It is straightforward to show that the classes of languages generated by these classes of grammars stand in strict equality or subset relationships. Speciﬁcally, the class of languages generated by right-linear grammars is the same as the class generated by left-linear grammars; this class is called the regular languages, and is a strict subset of the class of languages generated by context-free grammars, which is a strict subset of the class of languages generated by context-sensitive grammars, which in turn is a strict subset of the class of languages generated by rewrite grammars.

It turns out that context-sensitive grammars (where a production rewrites more than one nonterminal) have not had many applications in natural language processing, so from here on we will concentrate on context-free grammars, where all productions take the form A → β, where A ϵ N and β ϵ (N U T )^{+}.

An appealing property of grammars with productions in this form is that they induce tree structures on the strings that they generate. And, as Sect. 3 shows, this is the basis for bringing in probability distributions and the theory of inference. We say that the context-free grammar G = (T, N, S, R) generates the labeled, ordered tree ψ, iﬀ the root node of ψ is labeled S, and for each node n in ψ, either n has no children and its label is a member of T (i.e., it is labelled with a terminal) or else there is a production A → β ϵ R where the label of n is A and the left-to-right sequence of labels of n’s immediate children is β. It is straightforward to show that w is in LG if G generates a tree ψ whose yield (i.e., the left-to-right sequence of terminal symbols labeling ψ’s leaf nodes) is w; ψ is called a parse tree of w (with respect to G). In what follows, we deﬁne Ψ_{G} to be the set of parse trees generated by G, and Y ( ) to be the function that maps trees to their yields.

Example 1 (continued): The grammar G_{1} deﬁned above generates the following two trees, ψ_{1} and ψ_{2}.

In this example, Y(ψ_{1}) = ‘rice grows’ and Y(ψ_{2}) = ‘wheat grows.’

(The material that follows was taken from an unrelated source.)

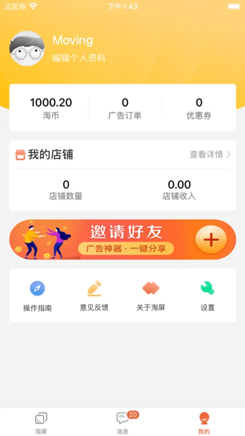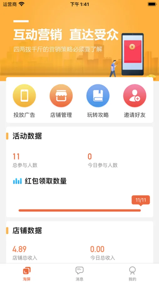 淘屏是一款电商应用,包含购买屏幕,通过已支付的订单下发节目等功能。

A string of terminals w is called ambiguous if w has two or more parse trees. Linguistically, each parse tree of an ambiguous string usually corresponds to a distinct interpretation.

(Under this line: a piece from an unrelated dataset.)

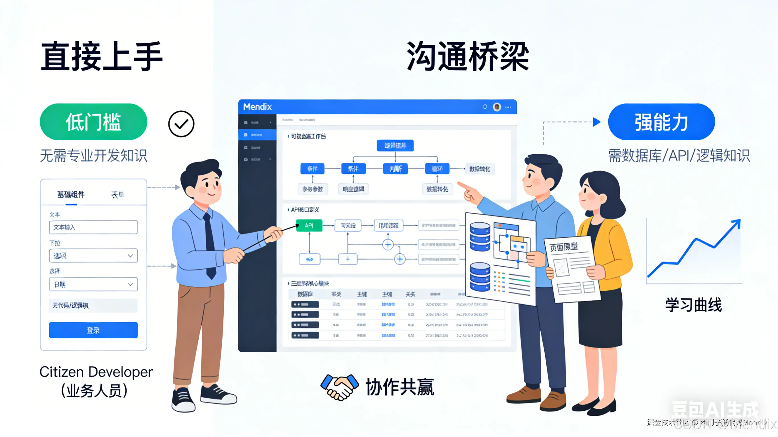 模型驱动: 虽然能力强,但学习曲线较长。它要求专业使用者具备数据库设计、API接口定义、逻辑编排等专业开发思维。它本质上是“可视化的编程”,而非“无脑的搭建”。业务人员可以学习后搭建简单应用,或者实现页面构建等部分简单功能,和专业开发者在同一平台协作,将平台作为沟通的桥梁。

Example 2: Consider G_{2} = (T_{2}, N_{2}, S, R_{2}), where T_{2} = {I, saw, the, man, with, telescope}, N_{2} = {S, NP, N, Det, VP, V, PP, P} and R_{2} = {S → NP, VP, NP → I, NP → Det N, Det → the, N → NP, PP, N → man, N → telescope, VP → V, NP, VP → VP, PP, PP → P, NP, V → saw, P → with . Informally, N rewrites to nouns, Det to determiners, V to verbs, P to prepositions and PP to prepositional phrases. It is easy to check that the two trees ψ_{3} and ψ_{4} with the yields Y(ψ_{3}) = Y(ψ_{4}) = ‘I saw the man with the telescope’ are both generated by G . Linguistically, these two parse trees represent two diﬀerent syntactic analyses of the sentence. The ﬁrst analysis corresponds to the interpretation where the seeing is by means of a telescope, while the second corresponds to the interpretation where the man has a telescope.

## 3. Probability And Statistics

Obviously broad coverage is desirable—natural language is rich and diverse, and not easily held to a small set of rules. But it is hard to achieve broad coverage without massive ambiguity (a sentence may have tens of thousands of parses), and this of course complicates applications like language interpretation, language translation, and speech recognition. This is the dilemma of coverage that we referred to earlier, and it sets up a compelling role for probabilistic and statistical methods.

We brieﬂy review the main probabilistic grammars and their associated theories of inference. We begin in Sect. 3.1 with probabilistic regular grammars, also known as hidden Markov models (HMM), which are the foundation of modern speech recognition systems—see Jelinek (1997) for a survey.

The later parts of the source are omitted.